The church was originally in the patronage of the De Eyville (D’Aville) family, the Lords of Egmanton, who acquired the village from Nigel d’Albini in the reign of Henry I, and may have sponsored its construction or at least its development from a chapel to a parish church. It was passed down the family until the reign of Henry III in the early 13th century, when Sir John de Eyville (who would go on to be a leading rebel against the king in the Second Baron’s War) gifted the patronage of the church to the Priory of Newstead, which belonged to the Augustinian Canons. In 1291 the church, still with the priory as patrons, was valued at £10 in a religious tax of that year, a surprisingly small amount given the additional donations the pilgrimages must have provided.
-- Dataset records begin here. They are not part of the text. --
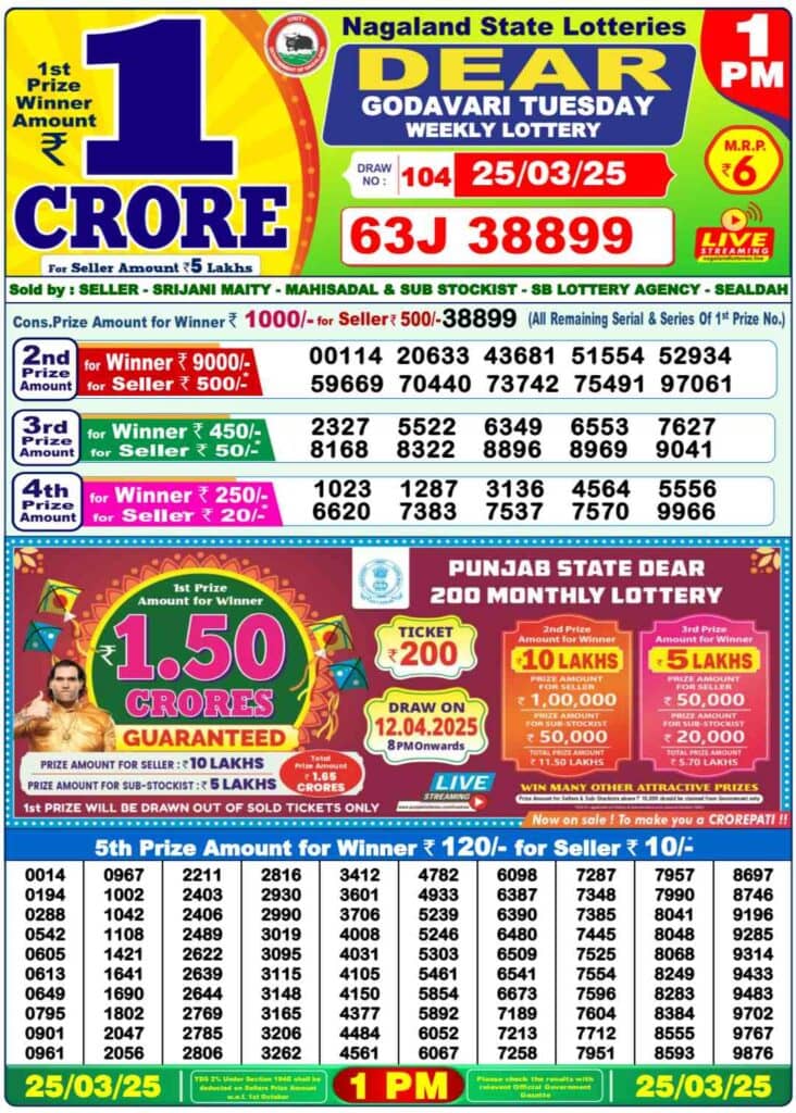 Nagaland State Lottery Tuesday, 25 March, 2025: The results of Nagaland State Lottery DEAR GODAVARI MORNING 1 PM, DEAR COMET DAY 6 PM, DEAR GOOSE EVENING 8 PM weekly lottery will be declared today i.e. Tuesday, at 1 PM, 6 PM and 8 PM respectively.
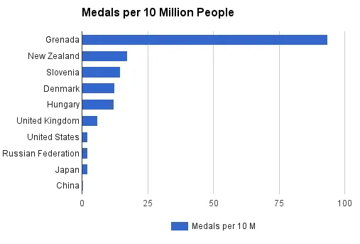 Mellander / Adler上面的图表考虑了人口规模,显示每1000万人获得的奖牌数量。现在,微小的格林纳达占据了首位。它的一枚奖牌相当于每1000万人获得93.6枚奖牌。新西兰以17.4名列第二,斯洛文尼亚以14.5名列第三,丹麦以12.3名列第四,匈牙利以12.2名列第五。还有四个国家——中华台北(11.5)、斐济(11.2)、牙买加(11.0)和立陶宛(10.3)——每1000万人获得的奖牌超过10枚。(在某些情况下,这些数字高于这些国家迄今为止的实际奖牌总数,因为它们的人口低于1000万)。美国降至第36位(2.15枚奖牌),俄罗斯现在排在第38位(2.08枚),中国降至第60位(0.32枚奖牌),
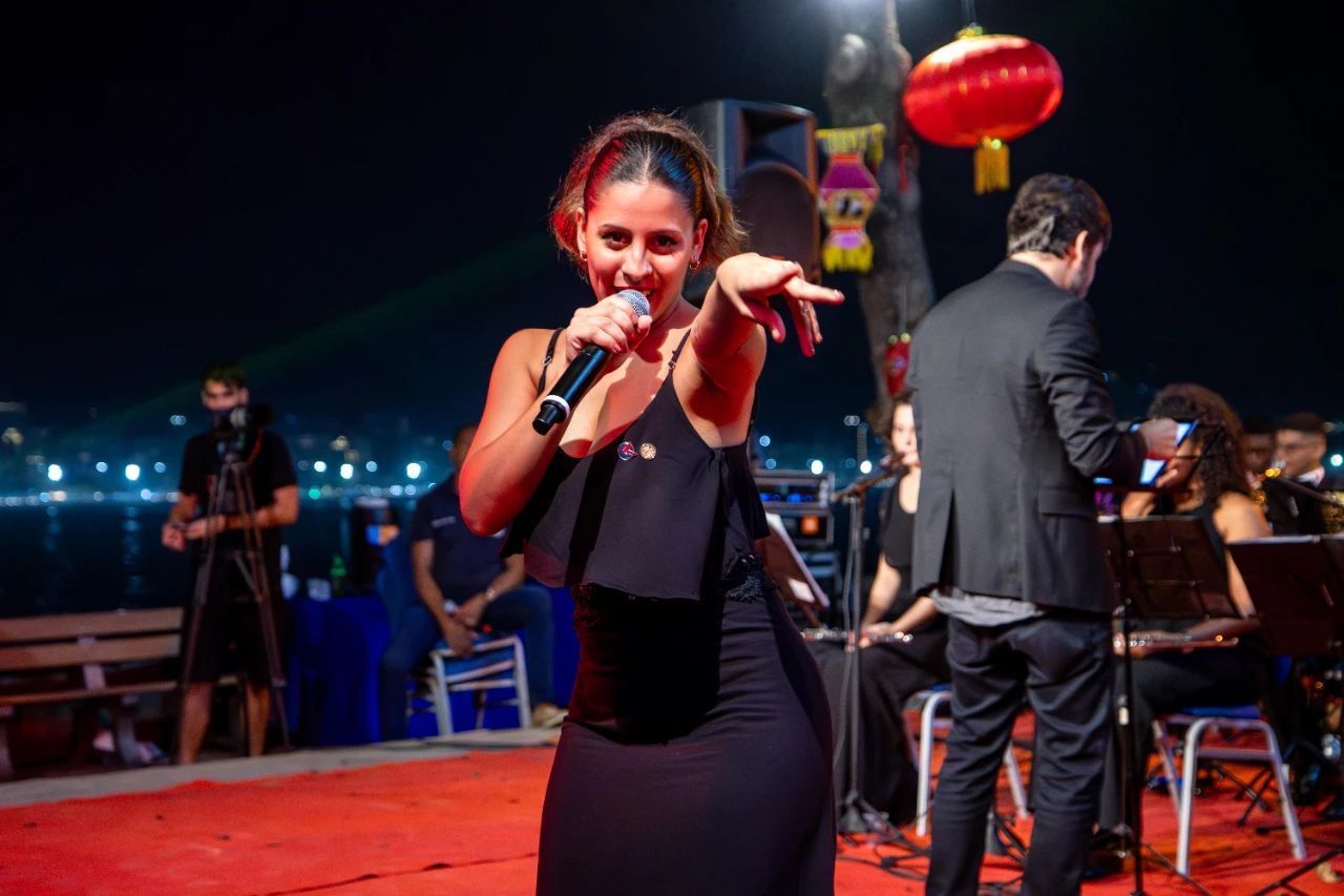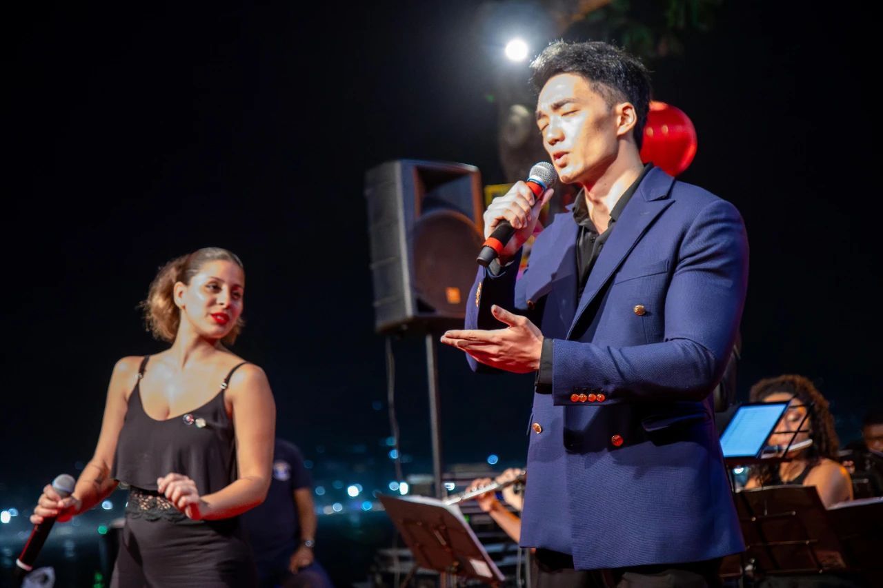 随后,科帕卡巴纳要塞乐团和沙珑乐团演绎的中国经典曲目《月亮代表我的心》《我爱你中国》《星辰大海》和巴西名曲《向我们的父辈一样》《七海的探索者》等,一次次将现场气氛推向高潮。特别是乐队女歌手Michelly和中国驻里约总领馆段云轩领事合唱的《如愿》一曲,更生动体现了中巴两国人民对于美好未来的共同期许。
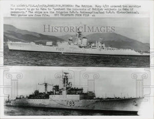 Hamilton, Bermuda: The British Navy 4/20 ordered 2 warships to prepare to go to Cuba to "protect the interests of British subjects in Cuba if necessary." The ships are the frigates HMS Rothesay (top) and HMS Ulster (bottom). Cuba -- anti-Castro movement -- invasion.
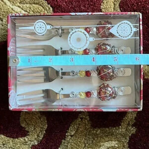 4 Wild Eye Designs NWT cocktail, 3 prong forks with beads and curved silver tone design. Each piece is unique as they are handcrafted. Stainless. Hand wash only. 4 forks to a box.
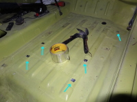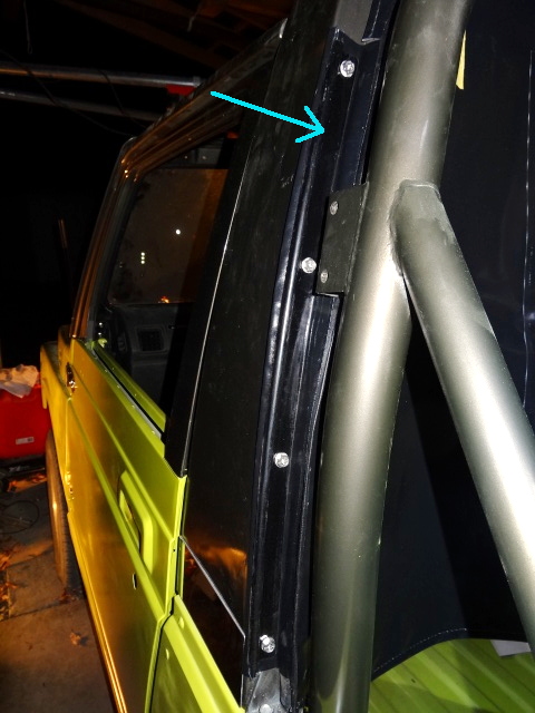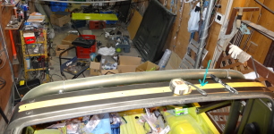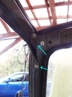 | 次は、センターピラー天部にマーキングしてから、リアカーテンの取付。 |
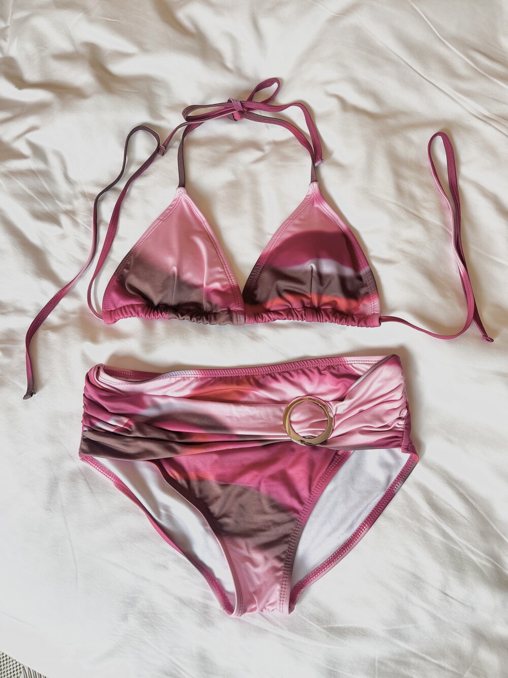 홀터 마블프린팅 미들라이즈 버클 비키니

In 1315 there was an incident whereby the church and manse were forcibly entered during a vacancy following the death of Roger de Bergh, the previous rector. Archbishop Greenfield issued a mandate to the Dean of Retford to denounce and excommunicate those persons who had committed this crime.

The priory at Newstead struggled financially through much of its existence. In response to a plea for financial assistance, Edward II granted the priory a royal licence in 1315, permitting it to appropriate Egmanton Church to the priory, bringing it, and its income directly under the control of the Augustinians. However the appropriation did not take place then due to opposition from the Archbishop of York, William Melton. In the end Papal letters had to be issued in 1326-7 to override his objections and even so it was two more years before the archbishop published the decree of appropriation on 22 June 1329.
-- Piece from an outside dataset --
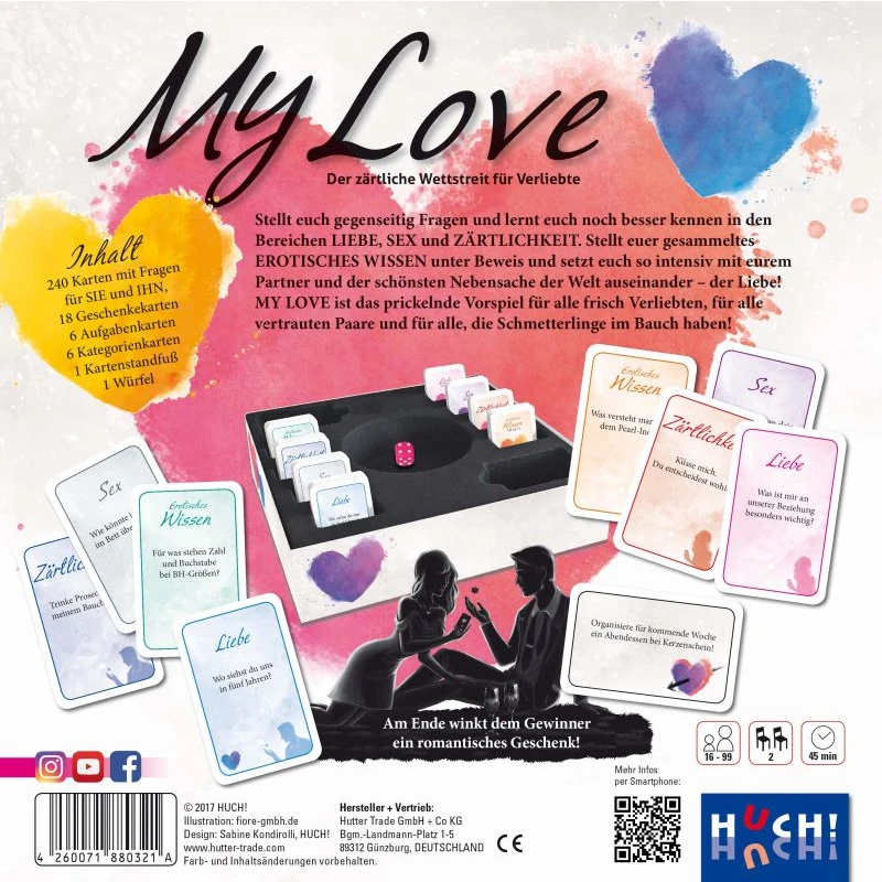 Stellt euch gegenseitig Fragen und lernt euch noch besser kennen in den Bereichen Liebe, Sex und Zärtlichkeit. Stellt euer gesammeltes erotisches Wissen unter Beweis und setzt euch so intensiv mit eurem Partner und der schönsten Nebensache der Welt auseinander – der Liebe! MY LOVE ist das prickelnde Vorspiel für alle frisch Verliebten, für alle vertrauten Paare und für alle, die Schmetterlinge im Bauch haben!

The reason given for the appropriation is the poor state of the priory due to its distance from any villages and its position along the public road meaning many travellers would use the priory to rest for the night. The church was appropriated but the priory was expected to appoint a perpetual vicar to Egmanton, to construct a hall, chamber, and kitchen for his habitation and to allocate 20 acres of arable and 3 acres of meadow land as well as the mortuary tithes and all other small tithes to support him. The priory also had to pay an annual pension of 6s 8d to the archbishop and his successors.

Interestingly, in a writ of 1342, the church of Egmanton was still being referred to as a ‘chapel’ and there is confirmation that it was ‘not alienated by Walter, sometime archbishop of Rouen, his canons or their successors’.

In 1341 the church was valued at 12 marks (£8) for the ninths of sheaves, lambs, and their fleeces in the Nonarum Inquisitions – a religious tax of that year. The church also had 11 acres of land attached to it (noticeably less than half what the 1329 decree had ordered), worth 30s a year, and received both tithes of hay worth 10s and mortuary offerings worth 26s 6d; a total of £11 6s 6d. No mention is given of the impact of the shrine and pilgrimages on the church or how much of this income went instead to the priory rather than being used for Egmanton itself, particularly when compared to what was supposed to go to Egmanton’s vicar. In 1428 a later tax showed Egmanton had the same value as in 1291, £10.

In 1531 Richard Cuxton, a local gentleman, asked in his will that his soul be given ‘to God Almighty, St Mary and All Saints, and his body to be buried in the Church of Our Blessed Lady of Egmanton’. Such would have been a common occurrence, especially given the holiness imbued by the shrine of the Virgin Mary. Donations were also common – three years after this John Marshall, the rector at South Wheatley, bequeathed 3s 4d to the church.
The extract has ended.